Introduction

Silicon (Si) is absorbed by plants as silicic acid through transmembrane channel proteins and it is polymerized in plant tissue as inorganic amorphous oxide phytoliths (SiO₂) (Deshmukh and Belanger 2016; Imtiaz et al. 2016; Bakhat et al. 2018). The resistance induced in plants to pathogens and insects is among the major benefits of Si amendments. The enhanced plant resistance results from the deposition of SiO₂ in plant tissues, which forms a mechanical barrier and increases vegetable tissue stiffness, the production of Si-induced defensive chemicals compounds, such as defense enzymes and substances that lower tissue digestibility (Hartley et al. 2015; Reynolds et al. 2016; Luyckx et al. 2017; Hall et al. 2020), and enhanced attraction and improvement of the fitness of natural enemies (Kvedaras et al. 2010; Liu et al. 2017; Oliveira et al. 2020; Sampaio et al. 2020). Silicon supplementation thus provides an alternative method of control for insect populations, one that is compatible with other pest management practices in several crops, mostly in the Poaceae (Liang et al. 2015).

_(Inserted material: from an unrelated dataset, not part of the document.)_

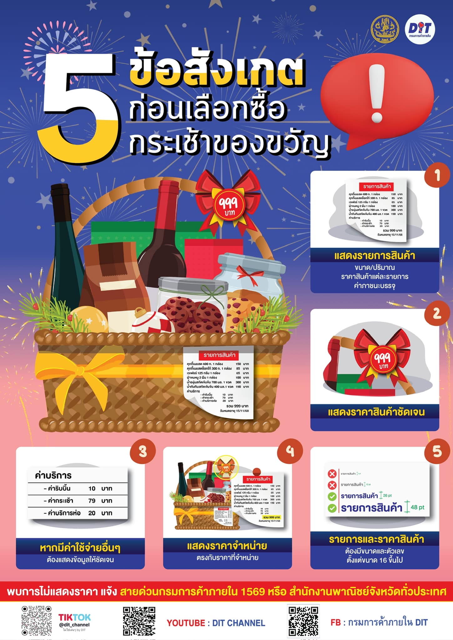 หากพบกระเช้าไม่แสดงราคา แจ้งได้ที่ สายด่วน 1569 หรือ สำนักงานพาณิชย์จังหวัดทั่วประเทศ กรมการค้าภายใน พร้อมดูแลให้ทุกคนมั่นใจในการซื้อกระเช้าของขวัญ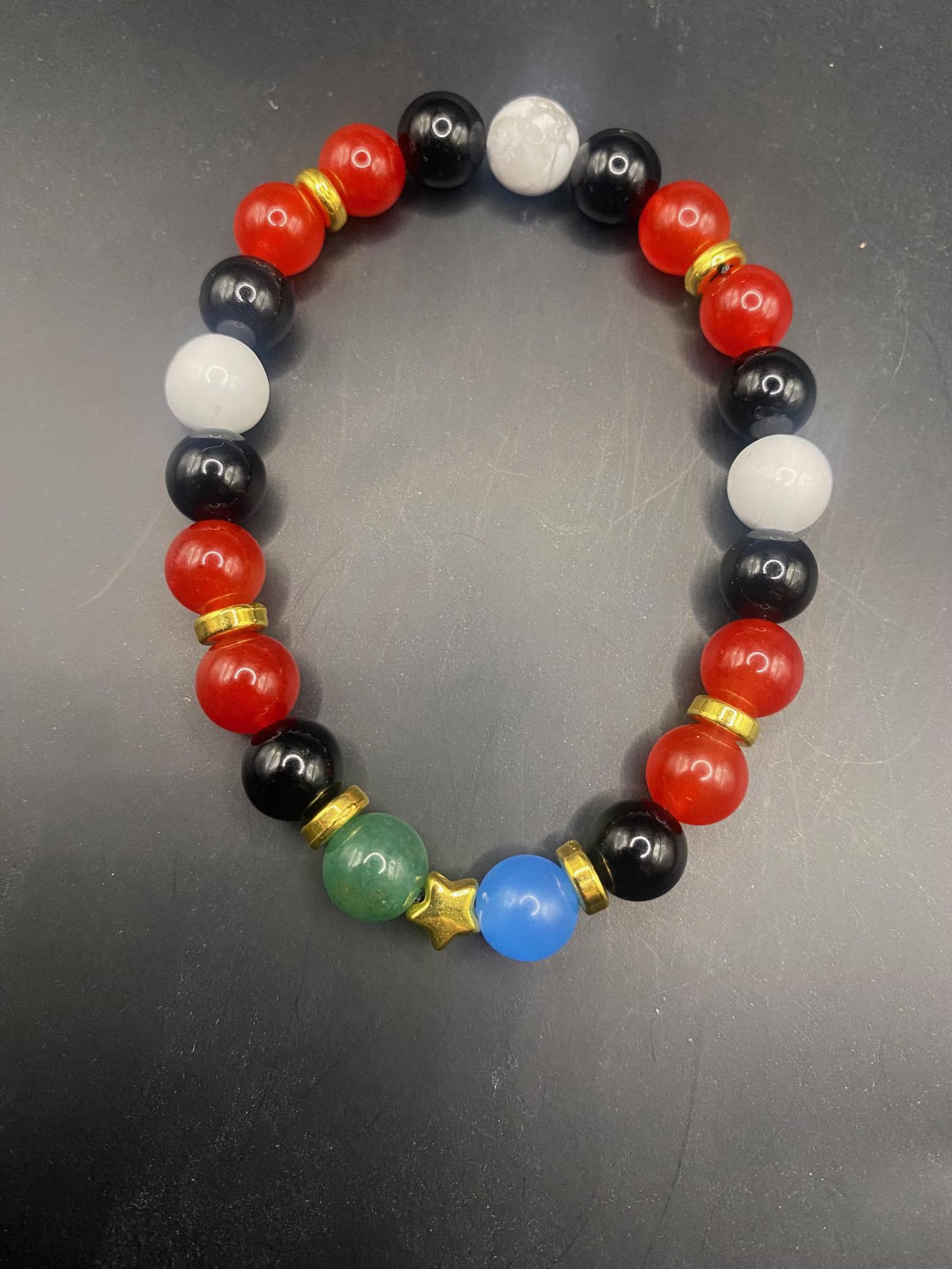It's made with howlite, red coral jade, obsidian, howlite, green aventurine and blue chalcedony beads with gold spacers <3

Even though Si is the second most abundant element in the earth’s crust (27.7%) (Bakhat et al. 2018) and represents up to 45% of soil composition (Currie and Perry 2007), Si levels available to plants are low (Liang et al. 2007), mainly because Si is most often found in crystalline form in insoluble minerals. Some crops can respond to Si amendments, particularly in soils with low availability of this element (< 8 mg Si per kg soil) (Korndörfer et al. 1999). Agriculture fertilization with Si is based on the application of soluble forms, such as calcium, magnesium, or potassium silicates. These silicates have a range of origins, which influences different aspects of various amendments’ performance, especially in relation to supplying Si to plants. Therefore, more information is needed to clarify if silicate application adds sufficient Si to the soil to promote plant resistance to pests or pathogens without jeopardizing crop yield (Pereira et al. 2004).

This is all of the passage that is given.